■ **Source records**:
§
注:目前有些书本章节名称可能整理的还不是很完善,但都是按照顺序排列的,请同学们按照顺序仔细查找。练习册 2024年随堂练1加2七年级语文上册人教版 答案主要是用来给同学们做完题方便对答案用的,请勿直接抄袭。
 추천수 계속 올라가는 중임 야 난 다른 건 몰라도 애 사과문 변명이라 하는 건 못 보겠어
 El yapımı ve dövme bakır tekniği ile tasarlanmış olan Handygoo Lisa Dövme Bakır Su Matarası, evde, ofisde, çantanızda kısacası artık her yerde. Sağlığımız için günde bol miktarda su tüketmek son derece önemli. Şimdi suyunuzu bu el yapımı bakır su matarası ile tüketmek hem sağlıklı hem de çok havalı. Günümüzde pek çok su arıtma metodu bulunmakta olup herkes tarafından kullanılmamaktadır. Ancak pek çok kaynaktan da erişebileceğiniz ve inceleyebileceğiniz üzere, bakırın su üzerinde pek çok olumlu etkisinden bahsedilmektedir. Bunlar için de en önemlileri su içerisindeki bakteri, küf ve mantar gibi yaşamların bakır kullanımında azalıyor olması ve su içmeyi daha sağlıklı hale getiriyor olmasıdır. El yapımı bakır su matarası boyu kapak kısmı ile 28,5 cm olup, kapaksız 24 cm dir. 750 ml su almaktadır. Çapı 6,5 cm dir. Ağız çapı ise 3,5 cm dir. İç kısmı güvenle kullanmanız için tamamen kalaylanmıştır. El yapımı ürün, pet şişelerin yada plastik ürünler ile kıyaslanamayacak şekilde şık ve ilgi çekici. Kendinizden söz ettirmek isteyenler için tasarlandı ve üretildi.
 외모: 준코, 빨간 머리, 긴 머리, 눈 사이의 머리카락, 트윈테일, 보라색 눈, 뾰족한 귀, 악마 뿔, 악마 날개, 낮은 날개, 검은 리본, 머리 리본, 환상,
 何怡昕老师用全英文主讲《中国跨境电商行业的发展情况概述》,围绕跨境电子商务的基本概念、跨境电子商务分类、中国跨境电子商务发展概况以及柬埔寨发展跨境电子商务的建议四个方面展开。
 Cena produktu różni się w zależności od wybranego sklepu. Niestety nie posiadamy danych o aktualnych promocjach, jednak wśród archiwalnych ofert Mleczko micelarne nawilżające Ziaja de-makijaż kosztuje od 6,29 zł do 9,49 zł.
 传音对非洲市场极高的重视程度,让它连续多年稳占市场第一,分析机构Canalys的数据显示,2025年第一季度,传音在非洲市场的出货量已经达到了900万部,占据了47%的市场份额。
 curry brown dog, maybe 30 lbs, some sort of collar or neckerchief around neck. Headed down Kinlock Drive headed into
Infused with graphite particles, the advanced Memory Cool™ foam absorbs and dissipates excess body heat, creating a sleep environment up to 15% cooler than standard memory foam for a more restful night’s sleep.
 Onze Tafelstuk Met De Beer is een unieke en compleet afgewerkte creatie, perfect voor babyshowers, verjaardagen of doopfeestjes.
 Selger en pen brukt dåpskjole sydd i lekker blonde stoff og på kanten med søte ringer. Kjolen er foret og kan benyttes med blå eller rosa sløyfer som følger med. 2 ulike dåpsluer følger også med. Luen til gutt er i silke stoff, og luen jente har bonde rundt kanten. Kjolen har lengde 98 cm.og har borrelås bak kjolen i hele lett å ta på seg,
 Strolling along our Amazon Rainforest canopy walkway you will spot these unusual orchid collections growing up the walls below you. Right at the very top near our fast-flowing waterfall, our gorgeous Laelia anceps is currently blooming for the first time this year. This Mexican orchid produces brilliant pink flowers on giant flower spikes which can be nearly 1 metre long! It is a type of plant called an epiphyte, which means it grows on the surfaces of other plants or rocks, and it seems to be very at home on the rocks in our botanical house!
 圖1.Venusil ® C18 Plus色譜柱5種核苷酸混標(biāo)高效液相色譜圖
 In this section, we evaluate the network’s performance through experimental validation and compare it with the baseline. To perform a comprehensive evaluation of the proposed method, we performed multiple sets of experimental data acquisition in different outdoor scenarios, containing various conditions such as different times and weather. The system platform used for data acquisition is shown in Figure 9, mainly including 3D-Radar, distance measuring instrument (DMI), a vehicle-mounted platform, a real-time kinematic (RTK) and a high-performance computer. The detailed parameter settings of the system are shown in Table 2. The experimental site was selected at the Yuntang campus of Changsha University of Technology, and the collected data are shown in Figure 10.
§
■ **PROBLEM DETAILS**: The lines you need are those with the word "time"; list them from the entries.

■ **YOUR RESPONSE**:
 Strolling along our Amazon Rainforest canopy walkway you will spot these unusual orchid collections growing up the walls below you. Right at the very top near our fast-flowing waterfall, our gorgeous Laelia anceps is currently blooming for the first time this year. This Mexican orchid produces brilliant pink flowers on giant flower spikes which can be nearly 1 metre long! It is a type of plant called an epiphyte, which means it grows on the surfaces of other plants or rocks, and it seems to be very at home on the rocks in our botanical house!
 In this section, we evaluate the network’s performance through experimental validation and compare it with the baseline. To perform a comprehensive evaluation of the proposed method, we performed multiple sets of experimental data acquisition in different outdoor scenarios, containing various conditions such as different times and weather. The system platform used for data acquisition is shown in Figure 9, mainly including 3D-Radar, distance measuring instrument (DMI), a vehicle-mounted platform, a real-time kinematic (RTK) and a high-performance computer. The detailed parameter settings of the system are shown in Table 2. The experimental site was selected at the Yuntang campus of Changsha University of Technology, and the collected data are shown in Figure 10.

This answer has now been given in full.